Music Inspired By Trains

Bruckner and Dvořák loved them, Wagner hated them and Mendelssohn found a trip on a free-wheeling locomotive “agony for the nerves”. Dvořák was, literally, a trainspotter: he loved nothing more than visiting the Franz-Josef Station in Prague and loved chatting with locomotive engineers. Percy Grainger adored travelling by train, and during journeys loved to spread his manuscripts out and compose.

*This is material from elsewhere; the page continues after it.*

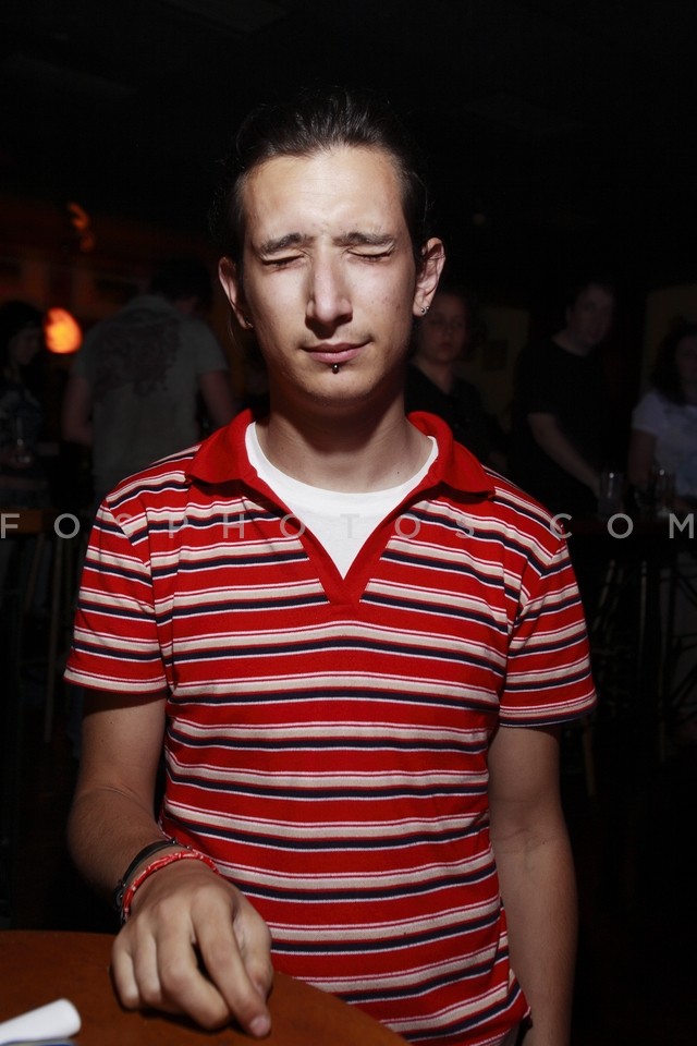 Young man in rock bar with eyes shut, At…

This week Phil and I look at which composers have got steamed up about trains

Mikhail Glinka
Travelling Song (The Train Song), 1840
Peter Gluboky (bass)
Ilya Scheps (piano)

Glinka’s Train Song or Travelling Song is probably the first ever railway song to be composed and is a setting of a text by his friend Nestor Kukolnik. The song is part of a cycle of twelve songs entitled A Farewell to St Petersburg. The song cycle provides a good illustration of Glinka’s eclectic style with Russian, Spanish and Italian influences. It has a fast tempo, entertaining tongue twisting rhymes and is effectively a perpetuum mobile – a continuous stream of notes played at a rapid tempo.

Heitor Villa-Lobos
The Little Train of the Caipira, 1930 from Bachianas Brasileiras No 2
London Symphony Orchestra
Eugene Goossens (conductor)

The Little Train of the Caipira belongs to the fifth of a series of nine pieces called the ‘Bachianas Brasileiras’ composed by Heitor Villa-Lobos 1887-1959
It took time for classical orchestras to discover the sounds of Brazilian music and Villa-Lobos led the way – bringing the instruments, rhythms and melodies of his home, Brazil, into the concert hall and creating a vibrant, exciting new sound. The piece re-creates the journey of a shuddering steam train, carrying the ‘caipira’ or ‘people of the countryside’ off to pick berries in the fields. Villa-Lobos use the power of the orchestra to bring the locomotive to life: clarinets and trombones become steam whistles; percussion instruments, like the ganza (shaker) and reco reco (scraper), re-create the clattering, hissing engine; syncopated rhythms propel the wheels; and folk tune-inspired melodies add a distinctive Brazilian flavour.

Benjamin Britten
Night Mail
Simon Russell Beale
Birmingham Contrmporary Music Group
Martyn Brabbins (conductor)

On leaving the College, Britten was determined at all costs to make his living as a professional composer. He began to write incidental music for the GPO Film Unit as well as for small theatre companies and for BBC radio. In 1936 Britten and the poet W H Auden collaborated on Night Mail, probably the most celebrated of all 1930s documentary films. It tells the story of the special postal express train collecting, sorting and delivering mail as it travels overnight from London to Glasgow.

Arthur Honegger
Pacific 231
WDR Symphony Orchedtra Cologne
Stéphane Denève (conductor)

Pacific 231 was inspired by a locomotive (the “231”, describes the wheel arrangement). Some European railways used a system where the number of axles was counted instead of the number of wheels, 4-6-2 becoming 231. Honegger brilliantly orchestrates the potent hissing of steam, the piercing protestations of bearings, and the skidding of steel wheels as the power surges. Although the basic tempo is virtually constant, the impression of cumulative momentum – of vast mass gathering speed – is terrific.

Hector Berlioz
Le Chant des Chemins de Fer, 1846
Rolando Villazón (tenor)
National Orchestra of Toulouse
Michel Plasson (conductor)

The Song of the Railways – a Cantata in B minor, op19 no3 – is a brief, ten minute long celebratory piece for tenor, chorus and orchestra. Consisting of just three verses, it was commissioned by the city of Lille to mark the opening, in 1846, of the city’s shiny new railway station. As might be expected, it is a cheerful piece, full of bouncy rhythms, apart from a brief prayer section, and perhaps slightly reminiscent of the Marseillaise. Even in France performances have always been rare, but it was given an outing in Lille in 2004, when there was an opening ceremony to celebrate the city starting its year as European Capital of Culture.